И он подсаживается к ней и помогает изложить ее впечатления в той форме, которая представляется ему наиболее подходящей для денверской газеты. И другие тоже наперебой предлагают свои услуги, и все кругом растроганы.
Через два дня все необходимые бумаги были готовы — миссис Грифитс уведомили об этом, но сопровождать сына не разрешили, и Клайда перевезли в Оберн, западную тюрьму штата Нью-Йорк; здесь, в «Доме смерти», или «Каземате убийц» (так называлось это сооружение из двадцати двух камер, расположенных в два этажа), в мрачном аду, пытку которого, казалось, никакой смертный не в силах был вынести, ему предстояло дождаться либо решения о пересмотре дела, либо казни.

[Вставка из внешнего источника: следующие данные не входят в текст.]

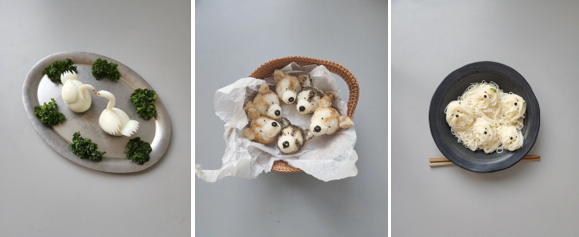 Chiens en chou cabus, pandas en riz ou poissons sculptés dans des légumes… l’artiste culinaire coréenne transforme ses plats en petites fables comestibles qui enchantent Instagram.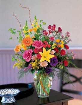 Alstroemeria, chrysanthemums, roses, gerberas and snapdragons are delivered in a stylish glass vase.

Поезд, везший его от Бриджбурга до Оберна, на каждой станции встречали толпы любопытных; старые и молодые, мужчины, женщины и дети — все стремились хоть одним глазком поглядеть на необыкновенного молодого убийцу. И бывало, что какая-нибудь женщина или девушка, у которой под видом участия скрывалось, в сущности, просто желание мимолетной близости с этим хоть неудачливым, но смелым романтическим героем, кидала ему цветок и громко и весело кричала вслед отходящему поезду: «Привет, Клайд! Мы еще увидимся», «Смотрите не засиживайтесь там!», «Подайте апелляцию, вас наверняка оправдают. Мы будем надеяться».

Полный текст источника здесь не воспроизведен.